The final charging scheme consisted of two cordons at which a charge would be levied for vehicles travelling inbound, towards the city centre. There would be an outer cordon around the edge of the built-up area of Edinburgh, just inside the outer city bypass, and an inner cordon around the centre of the city, broadly encompassing the World Heritage Site 

The  outer  cordon  would  operate  between  7am  and  10am  only;  the  inner between 7am and 7pm, Mondays to Fridays in both cases.

The charge was to be £2 (€2.40), levied no more than once per day on any single vehicle.  If  a  vehicle  were  to  cross  both  cordons,  or  to  cross  either cordon  a  number  of  times  during  the  day,  the  charge  would  still  only  be applied once that day. In this sense, the scheme resembles an entry permit scheme.

 

Public opinion was always a key concern. The around 19,000  consultation responses  received in the 1999 consultation showed high  levels  of  support  (62%)  shown  for  the  strategic  option  including  the concept of congestion charging. In addition to the public consultation, there was also extensive consultation with stakeholders.

The  conclusions  drawn  from  the  consultation  and  an  initial  technical  appraisal were  that  congestion  charging  was  feasible,  would  reduce  traffic  levels,  could generate substantial revenue for transport investment and would have no or very limited adverse economic impact if the charge was set at an appropriate level. In addition, there was a high degree of acceptance provided that the overall package was right.

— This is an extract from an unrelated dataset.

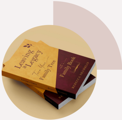
Leaving a Legacy: Turn Your Family Tree into a Family Book

In 2002 it was decided that a referendum would be taken before implementing a congestion charge. In 2003 there was a market research study undertaken, where there was a less positive outcome on how people were likely to vote on a referendum. Unfortunately the timing of the referendum was when the public opinion on charging was particularly low. The  public  inquiry  of  2004  did  not  identify  any  significant  barriers  to  the implementation of the scheme.